■ **Material for this exercise**
+++

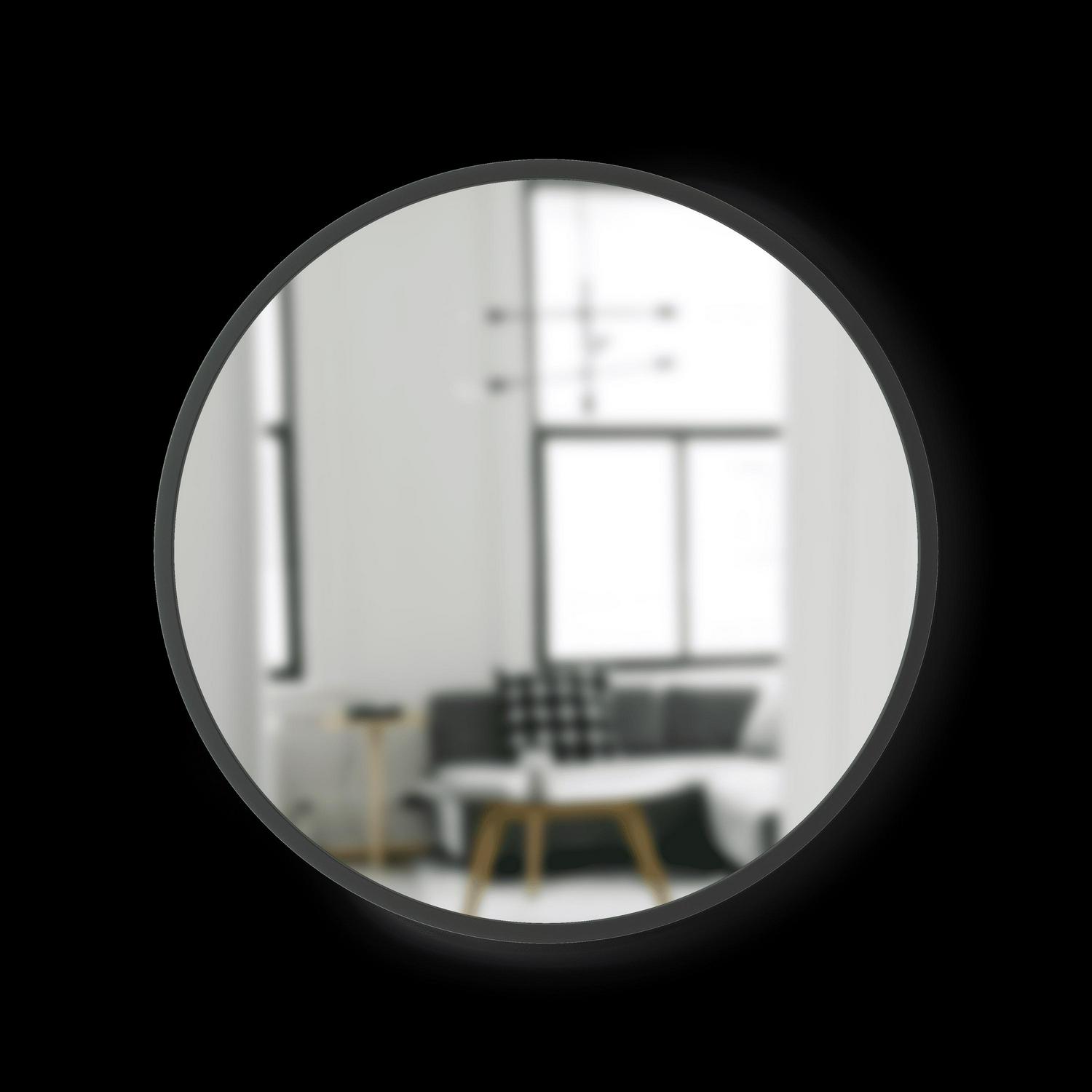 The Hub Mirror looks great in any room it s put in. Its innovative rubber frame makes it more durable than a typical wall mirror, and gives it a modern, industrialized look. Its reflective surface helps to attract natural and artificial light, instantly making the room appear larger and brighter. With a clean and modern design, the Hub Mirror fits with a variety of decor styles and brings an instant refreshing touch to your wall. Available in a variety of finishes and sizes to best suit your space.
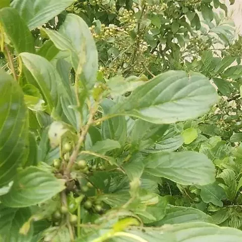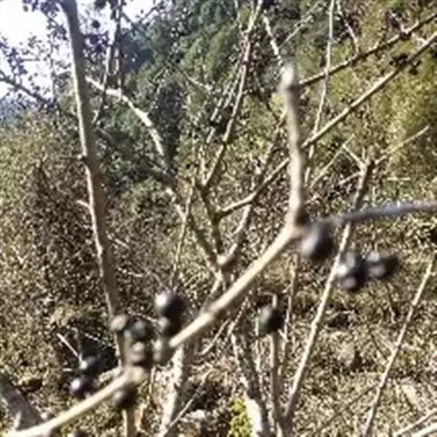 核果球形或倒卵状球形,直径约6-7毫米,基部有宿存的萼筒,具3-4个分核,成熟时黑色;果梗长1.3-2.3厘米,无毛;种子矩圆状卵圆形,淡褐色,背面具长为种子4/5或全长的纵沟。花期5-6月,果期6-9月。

+++

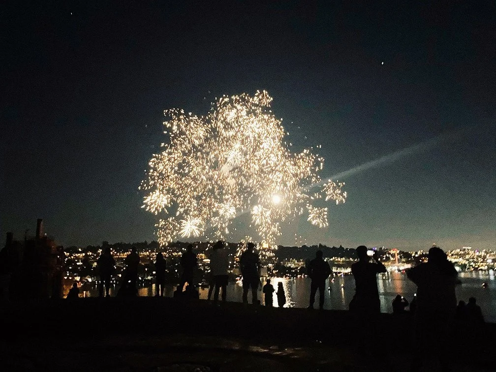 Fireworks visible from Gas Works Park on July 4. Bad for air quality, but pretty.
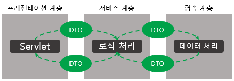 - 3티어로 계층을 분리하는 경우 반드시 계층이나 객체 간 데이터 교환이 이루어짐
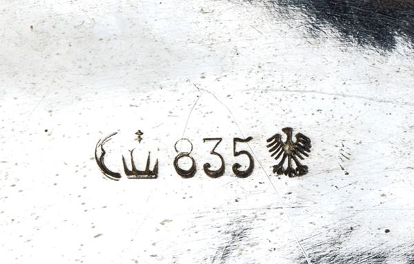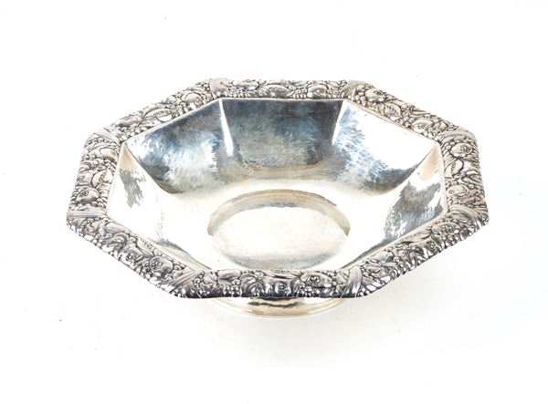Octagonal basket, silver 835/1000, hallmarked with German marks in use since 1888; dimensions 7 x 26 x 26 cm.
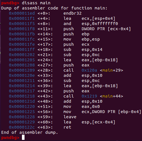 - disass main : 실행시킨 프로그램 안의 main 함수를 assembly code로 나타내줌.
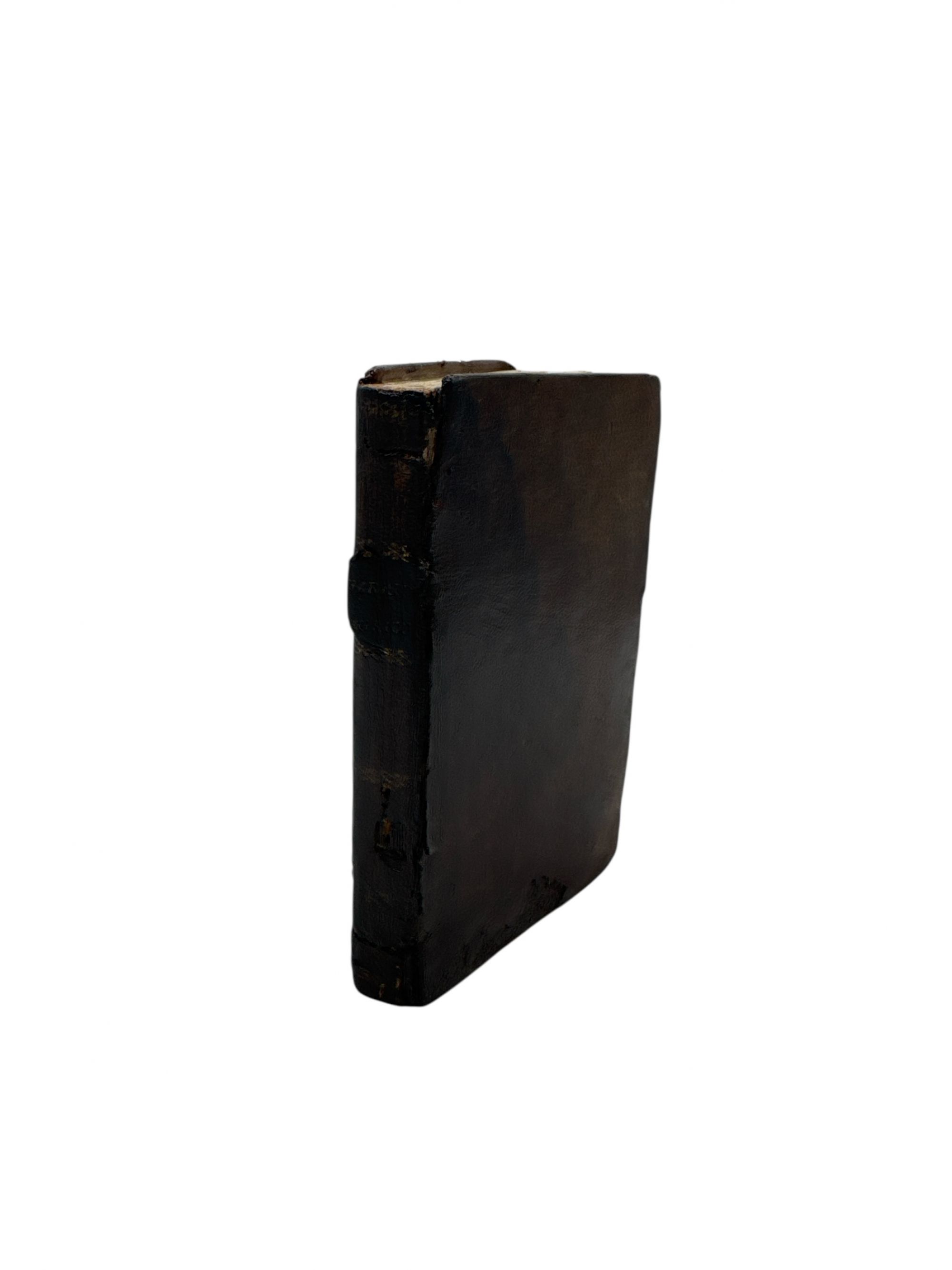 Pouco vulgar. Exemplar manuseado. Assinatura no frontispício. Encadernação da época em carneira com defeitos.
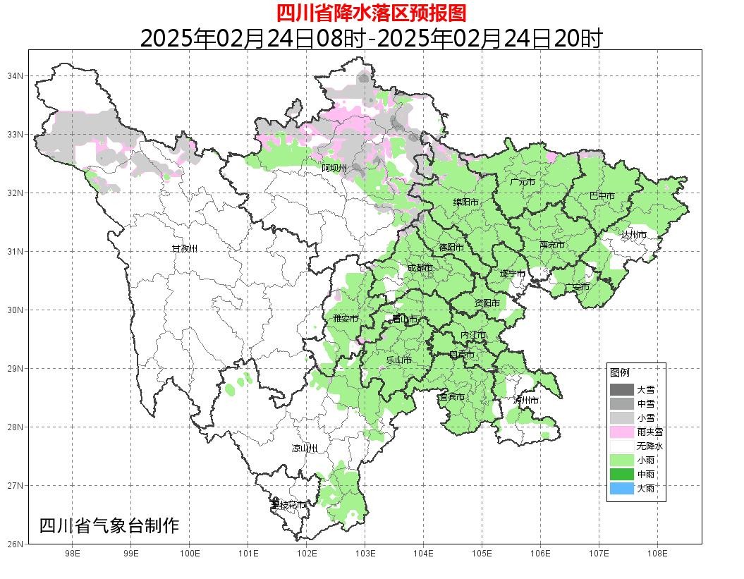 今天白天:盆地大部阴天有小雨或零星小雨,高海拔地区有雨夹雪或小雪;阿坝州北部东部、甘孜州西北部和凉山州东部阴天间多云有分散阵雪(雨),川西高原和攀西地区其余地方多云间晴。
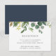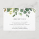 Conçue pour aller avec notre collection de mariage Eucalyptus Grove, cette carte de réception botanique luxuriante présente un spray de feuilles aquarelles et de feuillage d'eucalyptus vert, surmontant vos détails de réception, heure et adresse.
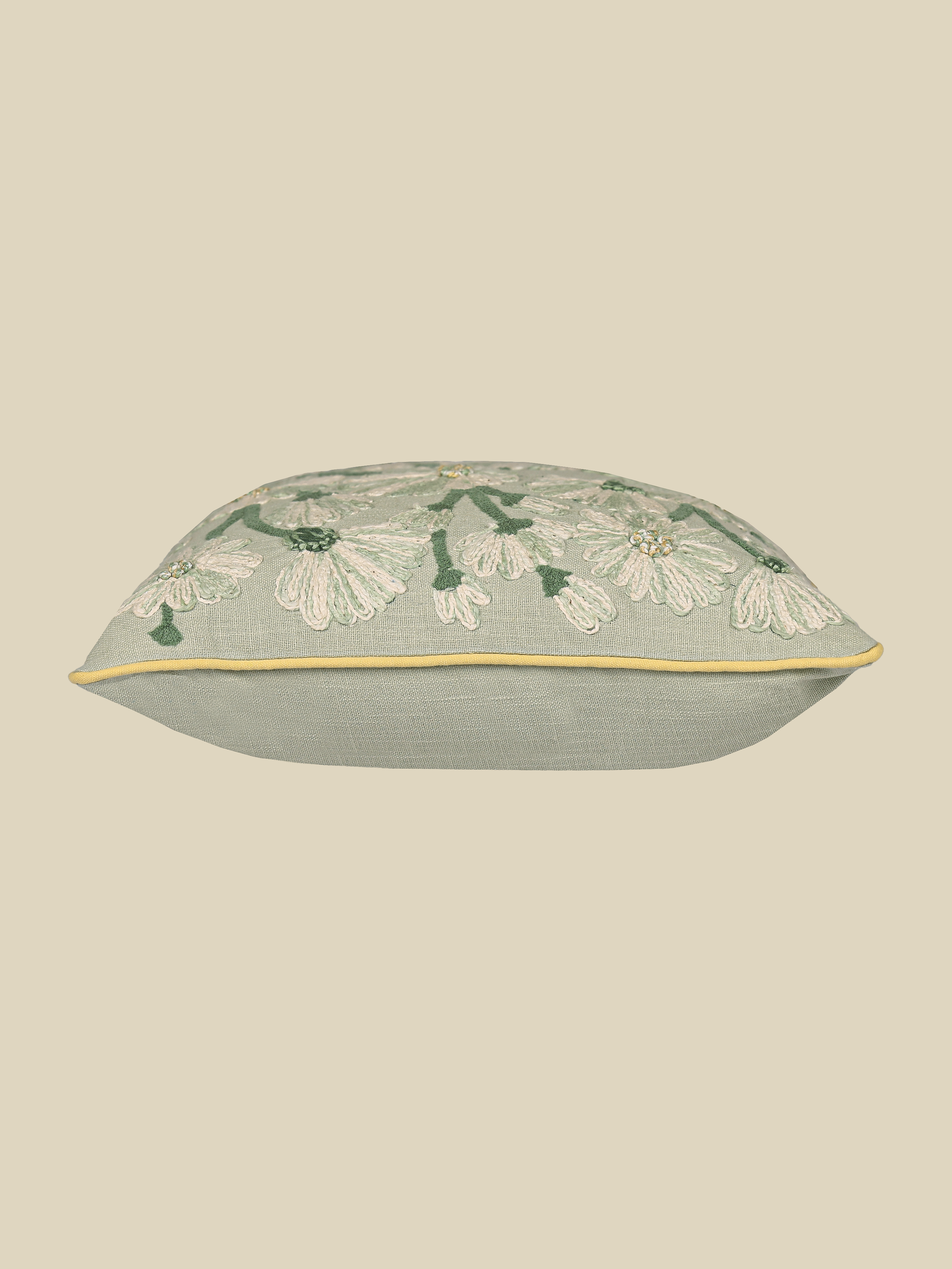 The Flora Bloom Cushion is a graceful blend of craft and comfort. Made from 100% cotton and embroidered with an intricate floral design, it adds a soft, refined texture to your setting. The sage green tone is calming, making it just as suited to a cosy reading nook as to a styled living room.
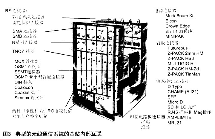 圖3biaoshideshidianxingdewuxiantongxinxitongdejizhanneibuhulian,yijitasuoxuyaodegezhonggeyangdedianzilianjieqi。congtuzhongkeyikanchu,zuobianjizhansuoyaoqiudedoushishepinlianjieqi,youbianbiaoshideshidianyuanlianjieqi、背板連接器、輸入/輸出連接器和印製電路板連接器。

+++

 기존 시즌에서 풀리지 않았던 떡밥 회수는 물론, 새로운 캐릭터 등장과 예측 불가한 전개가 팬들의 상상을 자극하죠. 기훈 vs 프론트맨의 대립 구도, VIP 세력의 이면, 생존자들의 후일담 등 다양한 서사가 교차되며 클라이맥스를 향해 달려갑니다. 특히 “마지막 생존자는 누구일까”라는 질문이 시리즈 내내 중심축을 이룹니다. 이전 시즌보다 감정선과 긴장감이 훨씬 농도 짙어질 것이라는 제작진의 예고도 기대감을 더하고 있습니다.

+++

Of the lines above, quote exactly those from the one with "- 3티어로 계층을 분리하는" through the one with "Conçue pour aller", ends included; pictures stay out.

 - 3티어로 계층을 분리하는 경우 반드시 계층이나 객체 간 데이터 교환이 이루어짐
Octagonal basket, silver 835/1000, hallmarked with German marks in use since 1888; dimensions 7 x 26 x 26 cm.
 - disass main : 실행시킨 프로그램 안의 main 함수를 assembly code로 나타내줌.
 Pouco vulgar. Exemplar manuseado. Assinatura no frontispício. Encadernação da época em carneira com defeitos.
 今天白天:盆地大部阴天有小雨或零星小雨,高海拔地区有雨夹雪或小雪;阿坝州北部东部、甘孜州西北部和凉山州东部阴天间多云有分散阵雪(雨),川西高原和攀西地区其余地方多云间晴。
 Conçue pour aller avec notre collection de mariage Eucalyptus Grove, cette carte de réception botanique luxuriante présente un spray de feuilles aquarelles et de feuillage d'eucalyptus vert, surmontant vos détails de réception, heure et adresse.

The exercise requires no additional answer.